In an answer to my own question, I showed that if $p$ is an odd prime and $p=a^m \pm b^n$ with positive integers $a,b$ relatively prime to $p$, then $p$ does not simultaneously divide the Fermat quotients $\frac{a^{p-1}-1}{p}$ and $\frac{b^{p-1}-1}{p}$.

Once upon a time, this result would have been of some interest because it implies the first case of Fermat's Last Theorem (FLT) for certain prime exponents $p$. More precisely, Wieferich, Mirimanoff, and others showed that if the first case of FLT fails for the prime $p$, then $\frac{a^{p-1}-1}{p}$ will be divisible by $p$ for every prime number less than or equal to 89.

In particular, the above two paragraphs show that the first case of FLT holds if $p = a^m \pm b^n$ for some primes $a, b \leq 89$.

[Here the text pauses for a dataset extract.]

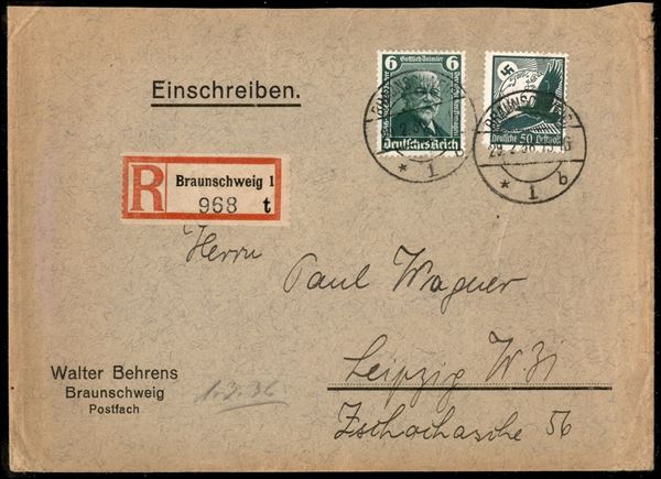 6 pfennig verde (604b) + 50 pfennig (535) - raccomandata da Braunsweiga Lipsia del 29.2.38

Although FLT was proved by independent methods, results like the one in my other question still have some interest. For instance, as far as I know, it is still unknown whether there are nontrivial solutions $x,y,z$ in the cyclotomic field $\mathbb{Q} (\zeta_p)$ (whether they are all relatively prime to $p$ or not) that satsify

$$ x^p + y^p = z^p$$

In ``On the first case of the fermat theorem for cyclotomic fields", Kolyvagin proves that there are no such solutions relatively prime to $p$ if each of the numbers $\frac{a^{p-1}-1}{p}$ with $a$ prime and $\leq 89$ is relatively prime to $p$. In particular, this is true when $p$ has the form $p=a^m \pm b^n$ with $a, b$ primes $\leq 89$.

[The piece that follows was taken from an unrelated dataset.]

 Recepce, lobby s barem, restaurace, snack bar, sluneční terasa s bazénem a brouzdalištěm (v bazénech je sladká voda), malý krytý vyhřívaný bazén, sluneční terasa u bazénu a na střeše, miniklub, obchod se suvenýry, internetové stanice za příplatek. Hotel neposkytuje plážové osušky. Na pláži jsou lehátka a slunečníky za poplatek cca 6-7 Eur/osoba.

I would presume that the set of such primes is quite scarce (although the possibility $p = a^m-b^n$ throws me a bit), so my question is:

Are there known heuristics or results for the set of primes $p=a^m \pm b^n$ with $a,b$ primes less than $89$ (one of them, of course, being 2)?

Answer 1

Non-expert disclaimer here.

Applying some heuristics, you get that there are $O(\log N)$ primes of the form $a^m-b^n$ for fixed $a$ and $b$.

To see this, let's count the values taken by $a^m-b^n$ in the range $[0,N]$. I claim there are $O(\log^2N)$ such terms. If $m$ and $n$ are in the range $[0,2\log N]$, this accounts for $O(\log^2N)$ pairs, a good fraction of which are in the given range.

If $m > 2\log N$, then there is at most one $n$ such that $a^m-b^n$ is in the range. To complete the bound, we need to give an upper bound on the $m$'s for which there can exist $n$'s such that $a^m-b^n$ is in the range.

Consider $m > 2\log N$ and assume that $|a^m-b^n| < N$ so that $n \gtrsim \log N$ also. Notice that $|a^m-b^n|=a^m|1-b^n/a^m|\approx a^m\log(b^n/a^m)=a^m(n\log b-m\log a)$. By Baker et al's results on logarithmic forms, $|n\log b-m\log a|>m^{-k}$ for a constant $k$ that depends on $a$ and $b$, so that $|a^m-b^n|\gtrsim a^m/m^k$. In particular, if $a^m > N(\log N)^k$, you can't be in range. This shows that there are at most $\log^2N$ terms of the form $a^m-b^n$ in range. Of those, how many are prime?

The heuristic would be that the "density" of difference powers is $\log N/N$ (the derivative of $\log^2N$). The density of primes is $1/\log N$ by the PNT. So since they are `obviously' independent, the density of primes of this form is $1/N$. So... there should be infinitely many according to this heuristic, but there should be $O(\log N)$ such primes up to $N$.

Answer 2

Hi there, If you're only interested in heuristics, then if you replace $89$ by $x$, fix $m$ and $n$, fix $\pm$ to be $+$ or $-$, fix one of $a,b$ to be $2$, and let the other variable range over primes less than $x$, then it is in the right form for the Bateman-Horn conjecture to be applied to. See for example,

P. T. Bateman, R. A. Horn, A heuristic asymptotic formula concerning the distribution of prime numbers, Mathematics of Computation 16 (1962), 363--367.

(Say $a=2$, $b$ ranges over primes less than $x$, $m$ and $n$ are fixed, and $\pm$ is $+$. Then one can use the case of Bateman-Horn for two polynomials simultaneously, one polynomial being $z$, the other one being $z^n+2^m$.) Then depending on which other variables you want to vary, you can apply Bateman-Horn to each case like this.

Don't know how accurate it would be for $x=89$ ! But it should be more accurate for $x \rightarrow \infty$. The usual caveat about this still being a conjecture applies.